Più impegnativo il percorso che in tre ore sale al monte delle Penne (420 metri), da cui si gode una vista mozzafiato del versante occidentale, con la Corsica all’orizzonte e in cielo i lenti volteggi del corvo imperiale. Preceduto da una distesa di asfodeli appare all’improvviso lo Stagnone, unico specchio naturale d’acqua dolce dell’Arcipelago Toscano, ammantato dal candore dei ranuncoli.

Per chi è allenato, ma straordinariamente panoramico, il sentiero perduto dello Zenobito (circa tre ore e mezza), è uno dei più antichi dell’isola. Parte dell’Azienda Agricola della Piana e con numerosi saliscendi, corre parallelo alla costa orientale; gli omini di sassi aiutano a non smarrire la via, i lucenti bulbi della scilla, la macchia bassa cisto marino e i cespugli argentati dell’elicriso scandiscono il cammino. Ecco la torre dello Zenobito, del 1545, sentinella sui basalti del vulcano, poi falesia di cala Rossa la cui roccia fiammeggiante contrasta con il turchese del mare giù in basso.

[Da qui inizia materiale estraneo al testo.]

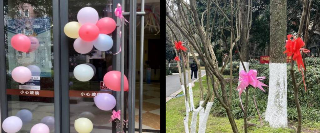 在7栋和13栋楼下,两条醒目的横幅迎风飘扬,标语“辞旧迎新同聚舍,携手共进启新程”和“归巢学子情暖舍,齐心奋进共成长”寄托了学院对同学们新学期的美好祝愿。楼栋大门用五彩缤纷的气球装饰,道路两旁的草木也披上了拉花,整个宿舍区洋溢着喜庆与活力的气息。

Cala Rossa (Credits: Luca Aless)

A Capraia il tormentato suolo vulcanico non ha impedito lo sviluppo di una vegetazione vigorosa, fragrante, ricca di specie tipicamente mediterranee: il corbezzolo, l’erica, il lentisco, il mirto, che hanno colonizzato con tenacia il substrato di lava consolidata. In febbraio-marzo nella radure umide fioriscono i narcisi, le giunchiglie, i ranuncoli, ma è a primavera che l’esplosione della natura lascia senza fiato con le cascate rosa del caprifoglio, il rosso dei ciclamini, il giallo delle ginestre, le splendide orchidee, il sottobosco di felci aquiline. E dopo l’estate, alle prime piogge autunnali, la magia si rinnoca con nuovi colori e nuovi profumi a invadere l’aria.